*PROBLEM REQUIREMENTS*
Count the lines of the data below that include the string "space", and provide nothing but the result.

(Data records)
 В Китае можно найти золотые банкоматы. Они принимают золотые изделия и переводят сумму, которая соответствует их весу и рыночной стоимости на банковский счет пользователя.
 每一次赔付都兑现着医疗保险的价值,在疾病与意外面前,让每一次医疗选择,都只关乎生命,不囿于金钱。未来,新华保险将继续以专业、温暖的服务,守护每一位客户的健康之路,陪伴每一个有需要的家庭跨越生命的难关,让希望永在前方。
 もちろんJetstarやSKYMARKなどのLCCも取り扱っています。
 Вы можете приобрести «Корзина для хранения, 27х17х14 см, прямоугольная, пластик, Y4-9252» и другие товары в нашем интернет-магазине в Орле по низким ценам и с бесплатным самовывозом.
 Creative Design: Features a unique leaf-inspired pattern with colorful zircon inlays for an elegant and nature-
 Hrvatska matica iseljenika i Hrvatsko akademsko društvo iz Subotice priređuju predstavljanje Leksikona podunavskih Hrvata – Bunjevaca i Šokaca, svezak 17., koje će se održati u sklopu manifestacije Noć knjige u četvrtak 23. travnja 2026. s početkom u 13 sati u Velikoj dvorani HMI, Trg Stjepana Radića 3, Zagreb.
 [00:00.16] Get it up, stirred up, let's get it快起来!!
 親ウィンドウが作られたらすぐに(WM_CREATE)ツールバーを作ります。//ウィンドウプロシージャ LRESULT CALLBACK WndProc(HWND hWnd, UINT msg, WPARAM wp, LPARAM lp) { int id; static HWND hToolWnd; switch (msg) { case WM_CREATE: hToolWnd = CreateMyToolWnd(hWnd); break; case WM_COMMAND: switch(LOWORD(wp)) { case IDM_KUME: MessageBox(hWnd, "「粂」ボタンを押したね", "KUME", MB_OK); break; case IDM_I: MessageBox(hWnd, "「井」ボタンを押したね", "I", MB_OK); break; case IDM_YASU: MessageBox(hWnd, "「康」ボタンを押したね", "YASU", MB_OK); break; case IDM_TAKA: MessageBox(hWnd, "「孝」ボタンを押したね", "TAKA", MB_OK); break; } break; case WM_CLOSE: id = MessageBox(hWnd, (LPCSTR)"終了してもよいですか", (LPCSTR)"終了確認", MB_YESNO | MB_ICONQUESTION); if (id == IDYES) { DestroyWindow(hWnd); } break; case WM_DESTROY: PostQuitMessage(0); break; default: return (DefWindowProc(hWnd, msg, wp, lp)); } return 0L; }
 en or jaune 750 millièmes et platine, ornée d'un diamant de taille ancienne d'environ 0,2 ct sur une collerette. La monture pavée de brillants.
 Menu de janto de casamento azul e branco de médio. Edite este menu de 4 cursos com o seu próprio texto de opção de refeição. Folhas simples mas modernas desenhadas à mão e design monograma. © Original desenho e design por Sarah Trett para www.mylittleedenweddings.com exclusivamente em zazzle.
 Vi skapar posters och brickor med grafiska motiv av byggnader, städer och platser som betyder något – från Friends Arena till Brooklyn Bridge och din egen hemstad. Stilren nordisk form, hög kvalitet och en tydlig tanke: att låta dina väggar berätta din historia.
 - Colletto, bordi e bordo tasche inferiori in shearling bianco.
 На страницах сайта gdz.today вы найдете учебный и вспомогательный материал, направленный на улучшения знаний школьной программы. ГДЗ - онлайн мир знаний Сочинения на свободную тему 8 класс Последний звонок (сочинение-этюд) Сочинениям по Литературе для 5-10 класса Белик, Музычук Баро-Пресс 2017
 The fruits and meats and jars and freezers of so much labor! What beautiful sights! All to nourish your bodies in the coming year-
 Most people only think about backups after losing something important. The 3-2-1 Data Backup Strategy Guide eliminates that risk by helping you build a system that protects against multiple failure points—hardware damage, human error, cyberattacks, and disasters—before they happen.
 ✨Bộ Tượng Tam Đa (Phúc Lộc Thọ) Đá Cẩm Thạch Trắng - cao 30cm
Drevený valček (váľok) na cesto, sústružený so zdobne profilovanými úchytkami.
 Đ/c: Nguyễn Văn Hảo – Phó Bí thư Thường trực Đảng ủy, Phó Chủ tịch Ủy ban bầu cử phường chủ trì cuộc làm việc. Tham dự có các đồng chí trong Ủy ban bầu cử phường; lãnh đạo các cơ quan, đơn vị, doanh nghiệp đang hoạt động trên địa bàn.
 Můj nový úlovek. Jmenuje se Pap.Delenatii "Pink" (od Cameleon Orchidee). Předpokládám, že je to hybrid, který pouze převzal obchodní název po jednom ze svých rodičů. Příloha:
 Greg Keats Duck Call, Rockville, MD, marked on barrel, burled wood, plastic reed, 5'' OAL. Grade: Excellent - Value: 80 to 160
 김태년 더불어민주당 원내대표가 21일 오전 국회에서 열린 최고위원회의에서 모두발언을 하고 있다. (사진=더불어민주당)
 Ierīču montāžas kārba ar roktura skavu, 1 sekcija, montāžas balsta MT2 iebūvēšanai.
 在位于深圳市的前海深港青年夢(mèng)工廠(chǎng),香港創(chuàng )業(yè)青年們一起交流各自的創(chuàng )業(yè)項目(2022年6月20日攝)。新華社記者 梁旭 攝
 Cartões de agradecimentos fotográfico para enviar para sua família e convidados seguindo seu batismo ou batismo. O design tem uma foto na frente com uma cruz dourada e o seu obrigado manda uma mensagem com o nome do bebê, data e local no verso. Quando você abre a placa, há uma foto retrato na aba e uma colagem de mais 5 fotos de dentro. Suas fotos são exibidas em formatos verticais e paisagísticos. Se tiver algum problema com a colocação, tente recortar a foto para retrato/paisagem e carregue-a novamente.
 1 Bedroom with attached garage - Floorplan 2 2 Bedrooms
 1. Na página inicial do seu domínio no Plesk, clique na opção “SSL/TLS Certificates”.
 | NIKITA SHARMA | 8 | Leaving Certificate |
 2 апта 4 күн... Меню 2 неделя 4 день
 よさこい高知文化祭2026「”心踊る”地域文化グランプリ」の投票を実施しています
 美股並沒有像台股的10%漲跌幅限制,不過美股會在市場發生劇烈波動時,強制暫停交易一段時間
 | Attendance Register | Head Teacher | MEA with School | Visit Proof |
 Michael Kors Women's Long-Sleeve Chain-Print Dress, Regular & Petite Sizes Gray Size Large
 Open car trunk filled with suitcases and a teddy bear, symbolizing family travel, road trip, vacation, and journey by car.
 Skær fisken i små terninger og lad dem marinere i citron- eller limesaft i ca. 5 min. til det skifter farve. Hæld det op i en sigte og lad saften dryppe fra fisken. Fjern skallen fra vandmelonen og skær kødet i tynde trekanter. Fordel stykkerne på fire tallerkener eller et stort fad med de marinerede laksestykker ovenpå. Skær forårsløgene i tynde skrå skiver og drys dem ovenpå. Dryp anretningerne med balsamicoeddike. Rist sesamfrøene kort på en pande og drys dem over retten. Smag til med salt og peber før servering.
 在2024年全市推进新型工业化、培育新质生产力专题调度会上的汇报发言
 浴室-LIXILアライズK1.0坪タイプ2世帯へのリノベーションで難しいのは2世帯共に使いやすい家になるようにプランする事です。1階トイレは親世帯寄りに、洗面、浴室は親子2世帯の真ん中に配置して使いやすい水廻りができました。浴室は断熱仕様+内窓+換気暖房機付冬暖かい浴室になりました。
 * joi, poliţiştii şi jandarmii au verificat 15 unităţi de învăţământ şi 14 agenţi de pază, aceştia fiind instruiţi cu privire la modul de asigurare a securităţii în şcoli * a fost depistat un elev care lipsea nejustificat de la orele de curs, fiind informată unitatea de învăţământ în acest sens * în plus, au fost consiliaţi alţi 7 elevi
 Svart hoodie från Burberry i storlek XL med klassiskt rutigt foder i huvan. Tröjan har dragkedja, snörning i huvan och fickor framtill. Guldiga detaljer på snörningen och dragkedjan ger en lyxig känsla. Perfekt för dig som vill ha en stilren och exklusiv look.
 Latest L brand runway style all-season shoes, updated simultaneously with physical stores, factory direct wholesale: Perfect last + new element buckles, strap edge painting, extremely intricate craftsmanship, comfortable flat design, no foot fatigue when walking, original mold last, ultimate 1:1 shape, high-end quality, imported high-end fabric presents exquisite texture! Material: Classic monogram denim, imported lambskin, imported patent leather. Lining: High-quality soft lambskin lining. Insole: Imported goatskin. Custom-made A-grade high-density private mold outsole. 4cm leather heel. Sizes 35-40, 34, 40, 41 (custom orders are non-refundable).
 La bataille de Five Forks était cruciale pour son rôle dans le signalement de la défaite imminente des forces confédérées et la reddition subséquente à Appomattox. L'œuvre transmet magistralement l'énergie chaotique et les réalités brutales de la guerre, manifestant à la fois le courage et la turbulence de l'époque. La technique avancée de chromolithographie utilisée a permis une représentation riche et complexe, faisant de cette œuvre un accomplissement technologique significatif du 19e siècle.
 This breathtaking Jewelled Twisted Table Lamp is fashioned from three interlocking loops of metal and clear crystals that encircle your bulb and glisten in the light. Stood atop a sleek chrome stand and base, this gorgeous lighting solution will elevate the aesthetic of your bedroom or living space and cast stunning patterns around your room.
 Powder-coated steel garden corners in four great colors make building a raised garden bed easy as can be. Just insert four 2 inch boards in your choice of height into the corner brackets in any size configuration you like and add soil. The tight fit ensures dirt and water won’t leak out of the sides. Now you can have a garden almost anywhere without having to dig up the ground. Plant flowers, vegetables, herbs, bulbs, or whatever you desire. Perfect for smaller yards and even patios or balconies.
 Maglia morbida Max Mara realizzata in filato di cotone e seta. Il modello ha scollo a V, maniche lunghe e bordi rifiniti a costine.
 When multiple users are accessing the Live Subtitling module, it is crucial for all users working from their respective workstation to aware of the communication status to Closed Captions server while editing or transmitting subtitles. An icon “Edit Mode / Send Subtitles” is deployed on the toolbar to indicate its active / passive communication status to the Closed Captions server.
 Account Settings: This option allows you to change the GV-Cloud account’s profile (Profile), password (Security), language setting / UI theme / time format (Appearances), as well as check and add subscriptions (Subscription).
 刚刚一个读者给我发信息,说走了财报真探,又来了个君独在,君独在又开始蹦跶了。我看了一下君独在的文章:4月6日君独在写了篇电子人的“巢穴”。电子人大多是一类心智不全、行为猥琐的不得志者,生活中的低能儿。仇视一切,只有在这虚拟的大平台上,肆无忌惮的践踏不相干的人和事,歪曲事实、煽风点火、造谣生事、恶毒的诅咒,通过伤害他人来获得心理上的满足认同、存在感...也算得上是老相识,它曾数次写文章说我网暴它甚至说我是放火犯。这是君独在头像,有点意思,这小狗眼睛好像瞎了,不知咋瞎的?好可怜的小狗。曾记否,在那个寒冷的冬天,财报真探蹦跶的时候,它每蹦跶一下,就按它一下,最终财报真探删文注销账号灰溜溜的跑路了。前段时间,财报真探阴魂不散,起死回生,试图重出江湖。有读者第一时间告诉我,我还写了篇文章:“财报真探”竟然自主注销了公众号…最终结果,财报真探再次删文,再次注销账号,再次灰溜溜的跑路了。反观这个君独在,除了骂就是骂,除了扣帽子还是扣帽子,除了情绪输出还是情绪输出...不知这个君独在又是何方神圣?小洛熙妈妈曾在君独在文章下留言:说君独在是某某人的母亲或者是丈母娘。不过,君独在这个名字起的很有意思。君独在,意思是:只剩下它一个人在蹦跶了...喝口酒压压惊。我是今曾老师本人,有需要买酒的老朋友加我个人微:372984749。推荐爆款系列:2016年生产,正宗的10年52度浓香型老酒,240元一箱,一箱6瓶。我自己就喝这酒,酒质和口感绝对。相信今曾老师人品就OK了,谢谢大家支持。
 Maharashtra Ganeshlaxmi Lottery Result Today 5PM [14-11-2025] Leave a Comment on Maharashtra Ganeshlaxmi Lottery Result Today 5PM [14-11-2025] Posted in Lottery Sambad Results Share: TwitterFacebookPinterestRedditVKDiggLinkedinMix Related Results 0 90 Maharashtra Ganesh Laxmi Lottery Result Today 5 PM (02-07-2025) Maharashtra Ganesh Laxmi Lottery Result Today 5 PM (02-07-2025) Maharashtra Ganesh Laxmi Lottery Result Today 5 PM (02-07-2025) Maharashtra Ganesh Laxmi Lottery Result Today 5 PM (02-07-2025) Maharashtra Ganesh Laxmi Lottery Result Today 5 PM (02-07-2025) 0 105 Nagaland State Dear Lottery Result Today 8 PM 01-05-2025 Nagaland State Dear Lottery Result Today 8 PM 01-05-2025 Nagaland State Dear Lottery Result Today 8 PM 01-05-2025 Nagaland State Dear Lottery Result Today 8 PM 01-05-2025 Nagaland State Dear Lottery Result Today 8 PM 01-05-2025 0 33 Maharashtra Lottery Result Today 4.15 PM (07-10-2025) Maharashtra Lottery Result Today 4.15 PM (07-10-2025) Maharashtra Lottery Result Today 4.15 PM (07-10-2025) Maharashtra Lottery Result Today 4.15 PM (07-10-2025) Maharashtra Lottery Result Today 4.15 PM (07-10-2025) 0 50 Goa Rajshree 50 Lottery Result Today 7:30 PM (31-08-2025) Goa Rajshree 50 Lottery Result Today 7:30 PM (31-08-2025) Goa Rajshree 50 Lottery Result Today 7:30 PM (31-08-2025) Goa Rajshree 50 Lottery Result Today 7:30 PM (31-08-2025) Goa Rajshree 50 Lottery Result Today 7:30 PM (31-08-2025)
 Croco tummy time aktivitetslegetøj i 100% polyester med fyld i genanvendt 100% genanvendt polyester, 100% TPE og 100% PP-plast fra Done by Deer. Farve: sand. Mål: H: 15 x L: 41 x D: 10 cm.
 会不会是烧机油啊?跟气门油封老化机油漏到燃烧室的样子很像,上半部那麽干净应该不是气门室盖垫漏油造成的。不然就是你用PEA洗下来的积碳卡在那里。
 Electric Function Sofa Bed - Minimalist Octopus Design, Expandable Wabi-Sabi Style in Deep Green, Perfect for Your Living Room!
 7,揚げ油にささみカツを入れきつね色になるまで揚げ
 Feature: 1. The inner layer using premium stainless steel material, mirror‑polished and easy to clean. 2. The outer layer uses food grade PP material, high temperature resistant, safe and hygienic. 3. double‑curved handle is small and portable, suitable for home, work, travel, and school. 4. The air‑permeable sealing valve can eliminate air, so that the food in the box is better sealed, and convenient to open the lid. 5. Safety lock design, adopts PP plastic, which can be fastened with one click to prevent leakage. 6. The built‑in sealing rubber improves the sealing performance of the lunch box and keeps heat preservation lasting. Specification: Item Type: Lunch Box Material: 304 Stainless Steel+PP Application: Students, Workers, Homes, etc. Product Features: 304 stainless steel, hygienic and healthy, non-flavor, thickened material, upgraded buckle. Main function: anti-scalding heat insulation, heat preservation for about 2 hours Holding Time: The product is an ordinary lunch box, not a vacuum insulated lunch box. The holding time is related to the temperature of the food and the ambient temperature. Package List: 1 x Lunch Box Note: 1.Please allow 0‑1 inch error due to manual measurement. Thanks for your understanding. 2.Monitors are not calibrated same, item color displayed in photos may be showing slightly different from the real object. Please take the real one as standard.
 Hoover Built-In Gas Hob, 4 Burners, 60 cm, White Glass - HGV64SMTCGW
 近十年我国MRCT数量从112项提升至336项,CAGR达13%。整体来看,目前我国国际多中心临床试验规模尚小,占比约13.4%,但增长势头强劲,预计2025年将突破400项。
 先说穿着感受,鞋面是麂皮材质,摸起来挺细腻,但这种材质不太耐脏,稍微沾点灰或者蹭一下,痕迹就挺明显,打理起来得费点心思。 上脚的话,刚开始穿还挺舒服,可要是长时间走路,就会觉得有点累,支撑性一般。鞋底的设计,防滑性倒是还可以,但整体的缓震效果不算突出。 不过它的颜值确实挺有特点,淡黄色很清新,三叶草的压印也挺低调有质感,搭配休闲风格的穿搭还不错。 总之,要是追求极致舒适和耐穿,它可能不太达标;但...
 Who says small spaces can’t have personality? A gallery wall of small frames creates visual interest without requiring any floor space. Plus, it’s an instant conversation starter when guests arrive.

*EXERCISE RESULT*
2